- _Prompt_:
When you reach the line that contains "Just did some" in the data below, start reproducing lines exactly, and stop after the line that contains "την 23.12.2019 η".

- _The input_:
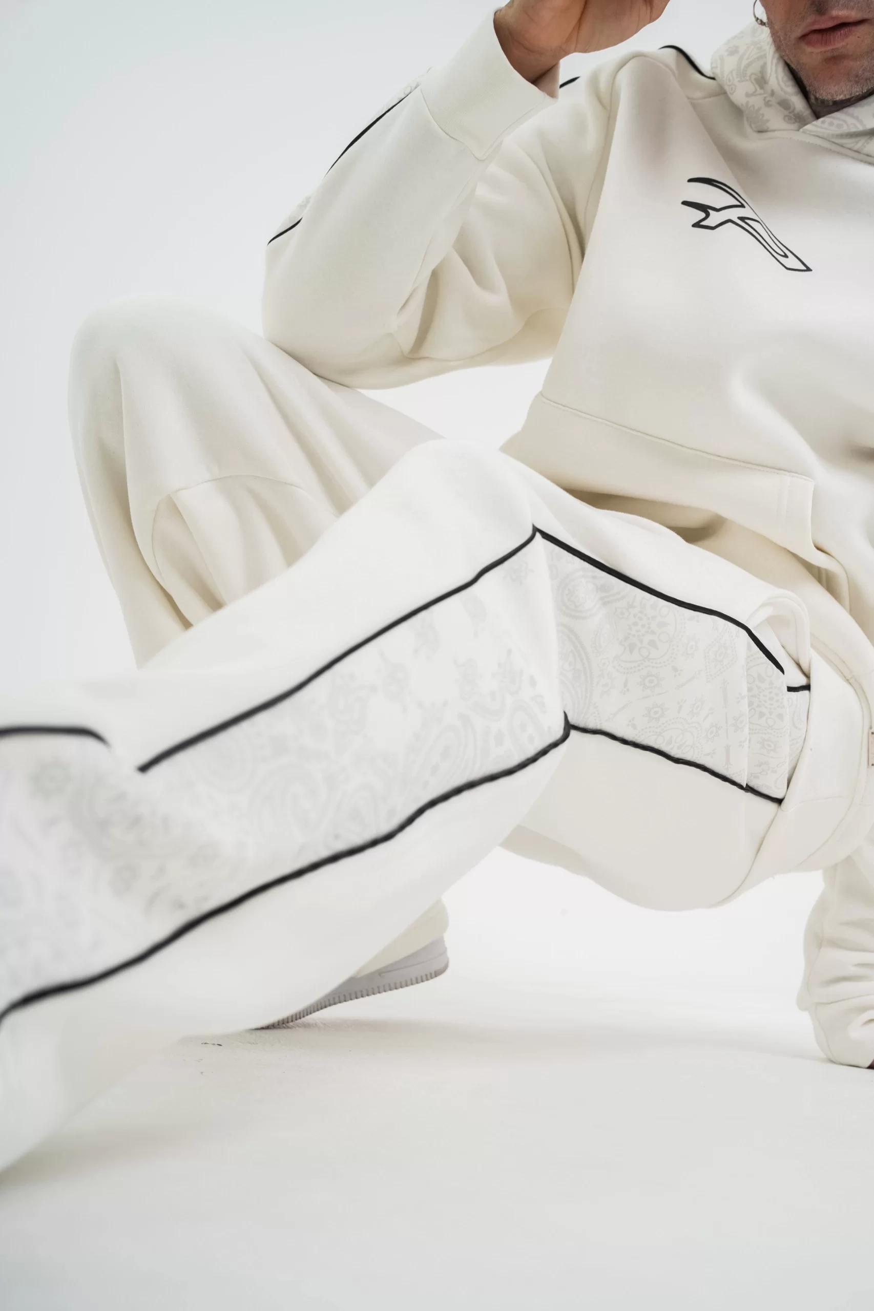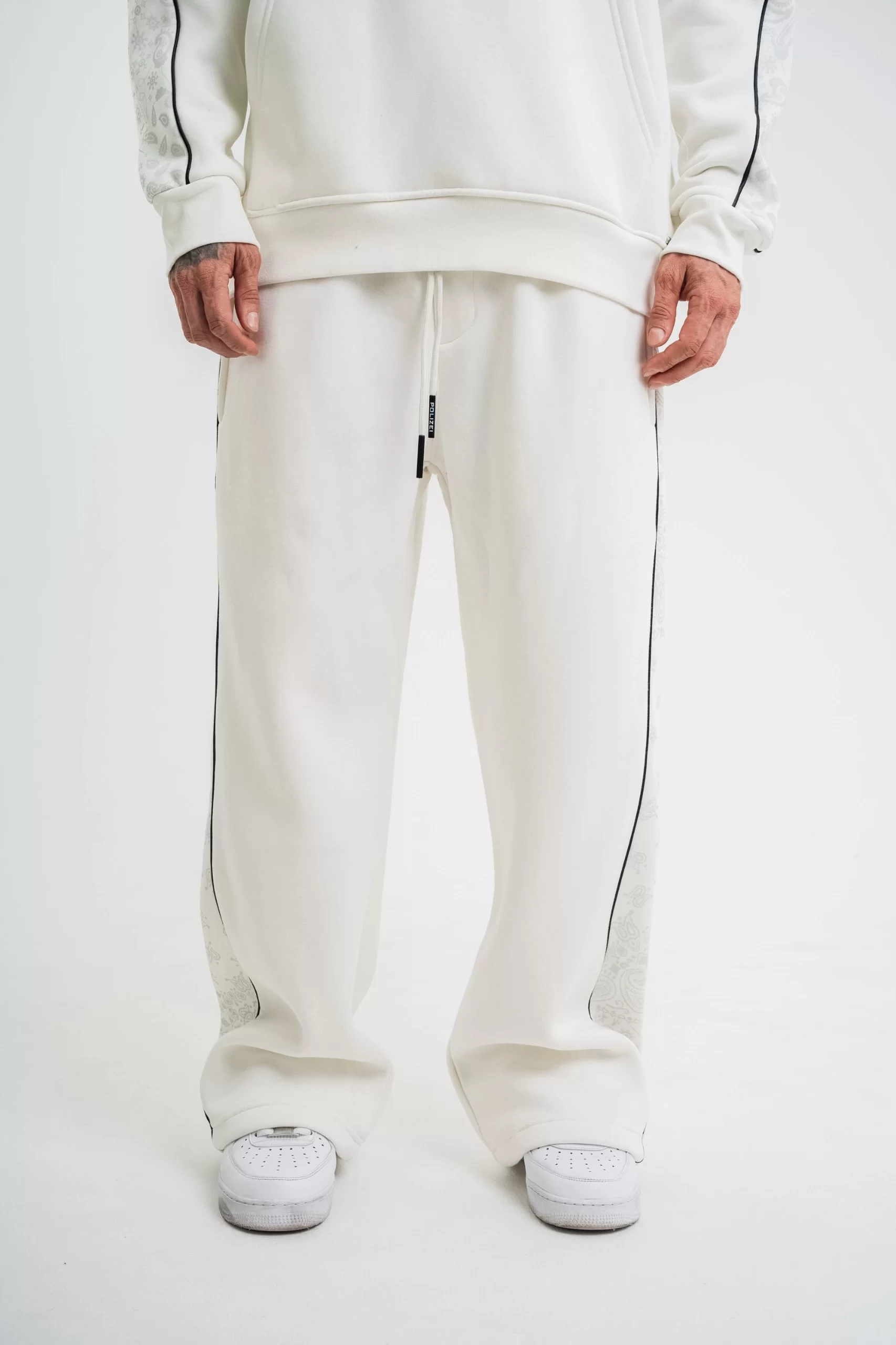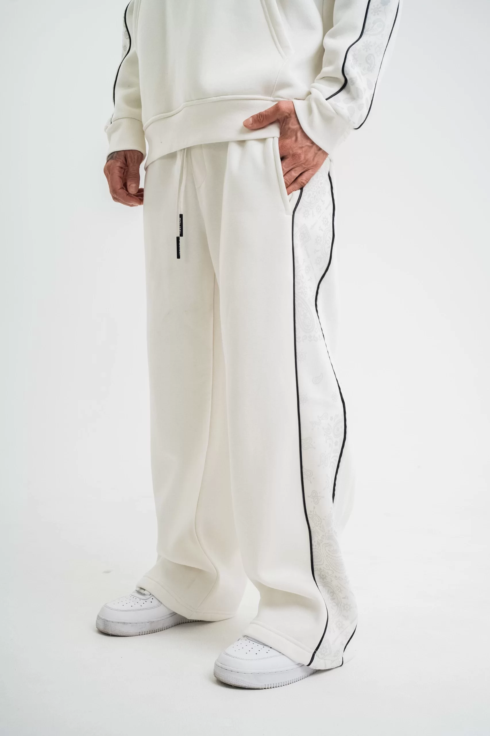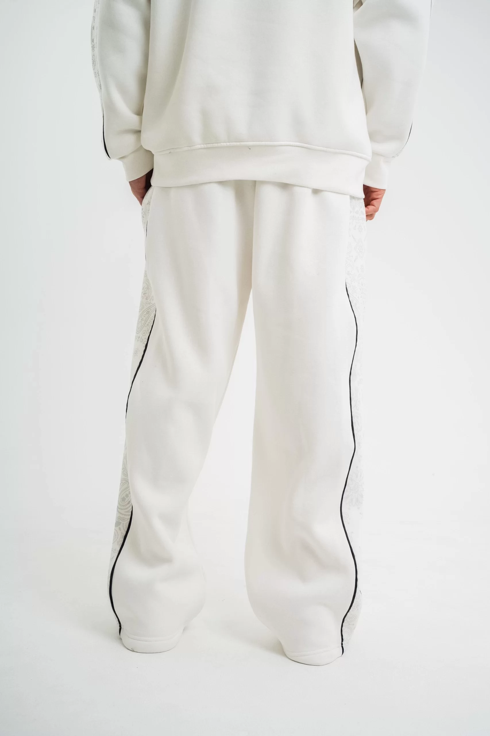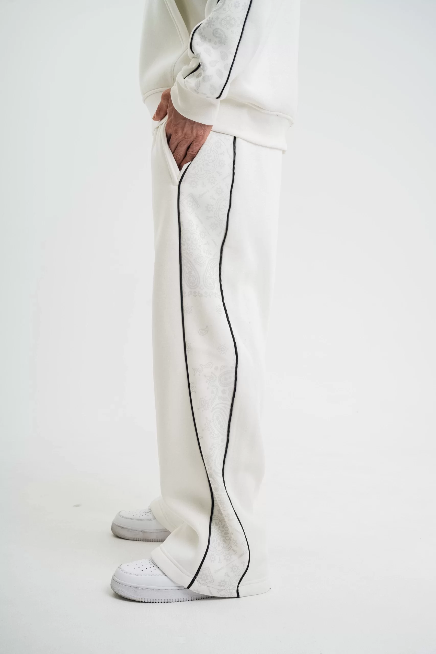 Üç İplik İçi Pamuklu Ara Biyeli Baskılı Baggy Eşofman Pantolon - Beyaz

---

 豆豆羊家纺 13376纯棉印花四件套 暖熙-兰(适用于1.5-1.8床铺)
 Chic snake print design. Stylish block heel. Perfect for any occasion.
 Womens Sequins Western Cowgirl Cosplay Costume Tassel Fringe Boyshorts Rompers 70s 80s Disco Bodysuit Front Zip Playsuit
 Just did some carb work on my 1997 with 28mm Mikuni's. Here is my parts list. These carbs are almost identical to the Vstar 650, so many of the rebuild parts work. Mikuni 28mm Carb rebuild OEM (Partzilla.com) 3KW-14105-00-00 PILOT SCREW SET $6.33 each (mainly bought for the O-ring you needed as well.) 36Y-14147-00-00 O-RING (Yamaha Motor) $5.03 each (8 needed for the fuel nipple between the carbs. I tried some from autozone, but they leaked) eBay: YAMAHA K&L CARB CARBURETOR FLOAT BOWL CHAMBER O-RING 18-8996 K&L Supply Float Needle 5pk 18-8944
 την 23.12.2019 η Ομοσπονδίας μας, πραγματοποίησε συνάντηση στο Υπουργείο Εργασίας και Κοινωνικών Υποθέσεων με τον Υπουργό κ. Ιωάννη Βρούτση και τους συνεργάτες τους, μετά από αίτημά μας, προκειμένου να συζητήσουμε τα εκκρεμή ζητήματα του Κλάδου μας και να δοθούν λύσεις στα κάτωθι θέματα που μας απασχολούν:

- _Solution for this problem_:
 Just did some carb work on my 1997 with 28mm Mikuni's. Here is my parts list. These carbs are almost identical to the Vstar 650, so many of the rebuild parts work. Mikuni 28mm Carb rebuild OEM (Partzilla.com) 3KW-14105-00-00 PILOT SCREW SET $6.33 each (mainly bought for the O-ring you needed as well.) 36Y-14147-00-00 O-RING (Yamaha Motor) $5.03 each (8 needed for the fuel nipple between the carbs. I tried some from autozone, but they leaked) eBay: YAMAHA K&L CARB CARBURETOR FLOAT BOWL CHAMBER O-RING 18-8996 K&L Supply Float Needle 5pk 18-8944
 την 23.12.2019 η Ομοσπονδίας μας, πραγματοποίησε συνάντηση στο Υπουργείο Εργασίας και Κοινωνικών Υποθέσεων με τον Υπουργό κ. Ιωάννη Βρούτση και τους συνεργάτες τους, μετά από αίτημά μας, προκειμένου να συζητήσουμε τα εκκρεμή ζητήματα του Κλάδου μας και να δοθούν λύσεις στα κάτωθι θέματα που μας απασχολούν:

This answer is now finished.